Over the past 30 years, I have watched teachers having to cope with a litany of changes that shaped the history of today’s education: the advent of comprehensive schools, a national curriculum, the Baker reforms that destroyed the dream of a true comprehensive system in which every child would have an equal educational opportunity, regardless of background, class or ability. Then there were the Standard Attainment Tests, rigorous quality and competency inspections, often used as precursors to reform, and of course, performance league tables.
In 1984 our school amalgamated with another school, and teachers had to travel miles from one site to the other during their working day. Parents and children had to travel too. We lost many of the children from our traditional primary feeder schools. Their parents understood the likely disruption to learning that this split-site arrangement could cause.
During the recession we painted our own classrooms. Then came the rise of the sixth-form college, the introduction of technology, reforms to the exam system and, of course, the need to meet the cultural and social changes that were sweeping Britain at the time. Nobody entering the profession in the 1970s could have foreseen the changes that would take place in schools over the next two or three decades. My school went into decline. Soon it will close. Another school in the borough is about to be bulldozed, to make way for a sports academy.

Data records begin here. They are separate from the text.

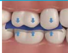
16. Tarkista purenta.

6. Sovita kruunua useaan kertaan ennen lopullista 60 sekunnin valokovetusta.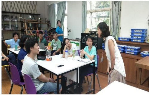
三-(四)辦理性別平等講座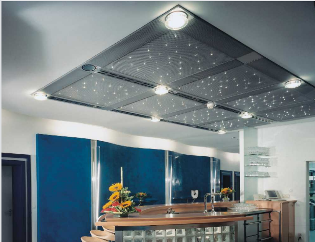
Schalldämpfung in Büro und Besprechungsräumen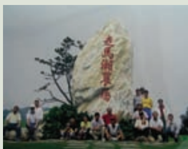
梁主任（前排左2）率榮民赴走馬瀨旅遊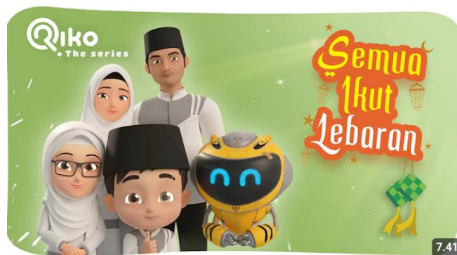
SEMUA IKUT LEBARAN - Riko The Series Season 03 - Episode 03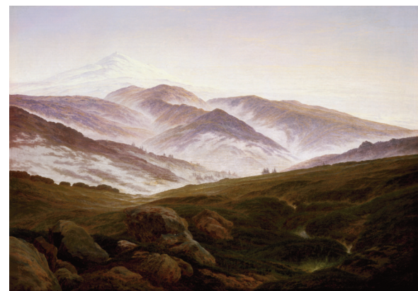
Kat. 12 Erinnerung an das Riesengebirge , Öl auf Leinwand, 1835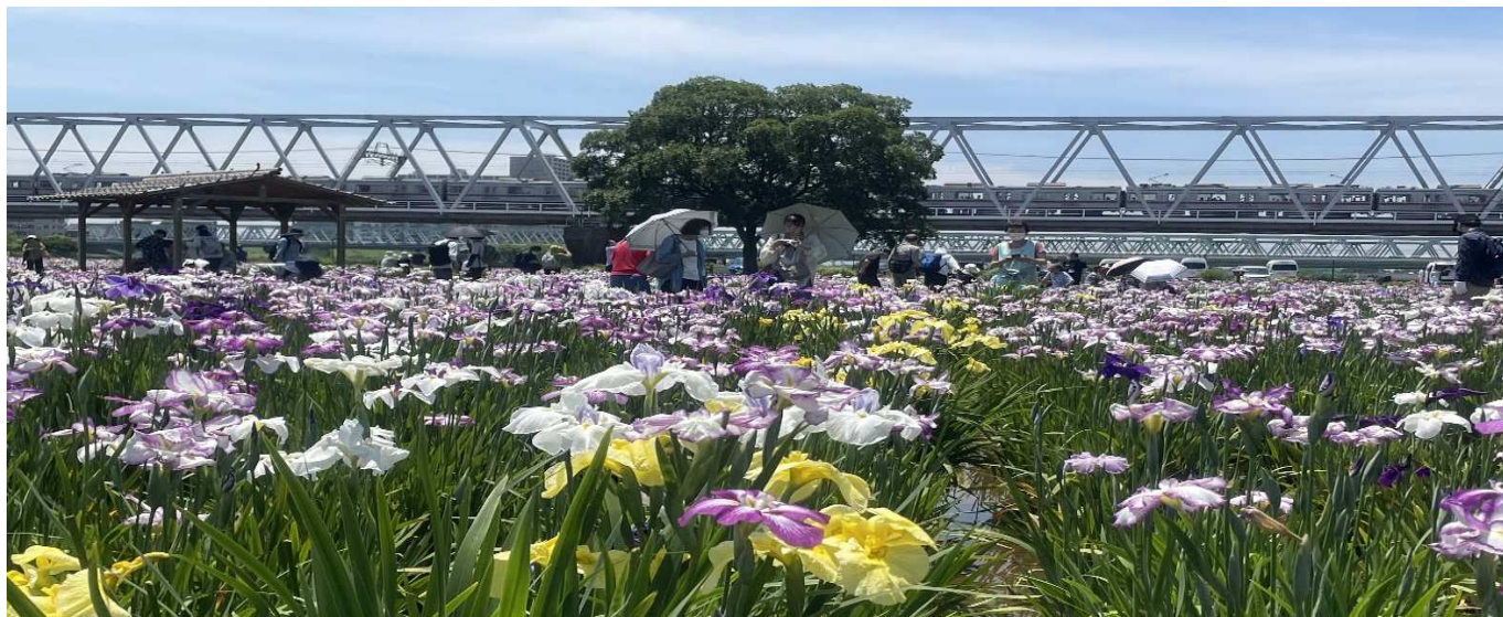
江戸川河川敷.小岩菖蒲園:100種5万本の花菖蒲の先に京成電鉄の鉄橋を走る電車が見えます。(6月11日)

I admire people who give up other careers to enter the classroom. They feel they have something to offer today’s schools, even though many of these, like mine, have become trapped and impoverished within the new social geography of Britain. It is a statement on what drives teachers: hope, enthusiasm, a desire to contribute.

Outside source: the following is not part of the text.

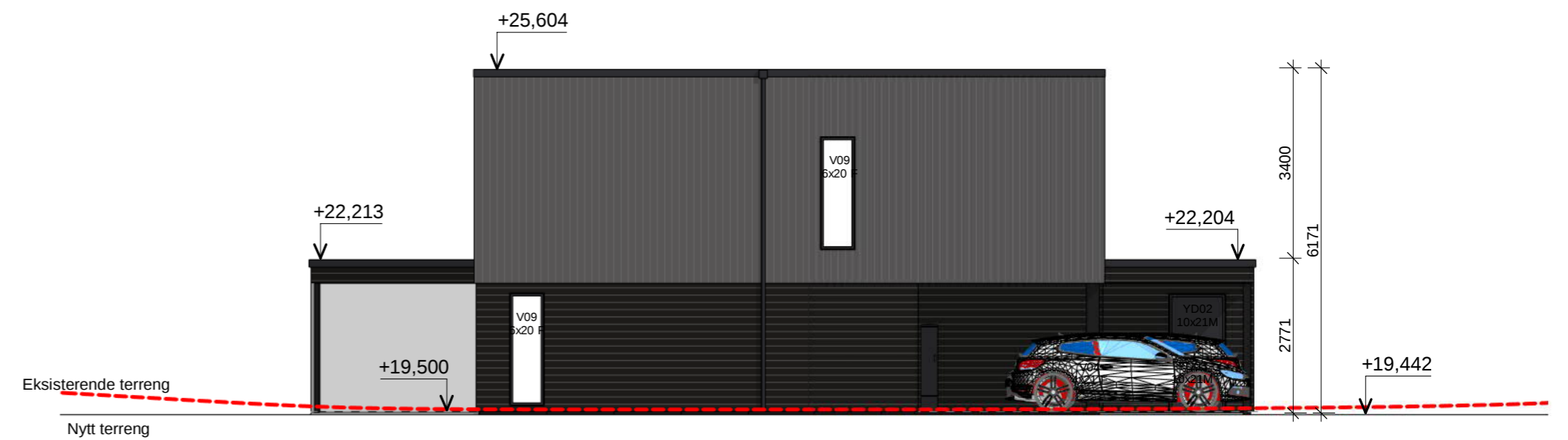
Sør 1-100 1 : 100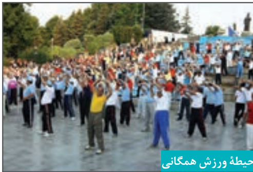
حیطه ورزش همگانی

But teaching also demands endurance. Recently on radio I heard a journalist, Steve McCormack, speak about his experience when he left his job to become a maths teacher. There were “magic moments”, but the sheer volume of work was one of the things that got to him. Then there was the attitude of students, demotivated, inattentive and hostile. Steve left after two years.
The public have always had a general respect for the teaching vocation, but do they really appreciate the day-to-day achievements against the odds or the anxiety that many teachers experience when the classroom reaches boiling point? A conversation about teaching in A Man For All Seasons comes to mind.

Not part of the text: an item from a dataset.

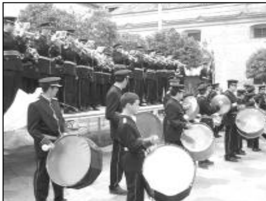
Las bandas de Posadas y Palma del Río durante su actuación conjunta.

“Your pupils, your friends, God. Not a bad public that…..Oh, and a quiet life.”
I wonder if Thomas More ever came to regret not continuing his career in the classroom. For us who have taught, who thrive in working with pupils and colleagues, there is an empty space, a hankering to belong fully, not in the “real world” as is often said (there is nothing more real than a group of school kids, whether eager or disaffected), but in the world of successful enterprise, of recognition. To be not just respected, but admired; to be not just admired, but envied.
Pay was never a leading issue in my book, even if I had always been keenly aware of the inadequacy of teachers’ salaries. Actual funding of schools and investment in more teachers are more important. Financing was never sufficient, particularly after power went to the local authorities. Recent suggestions in Britain that teachers could take classes of as many as 80 pupils by introducing redundant civil servants into the classroom as assistants hardly inspire admiration or optimism.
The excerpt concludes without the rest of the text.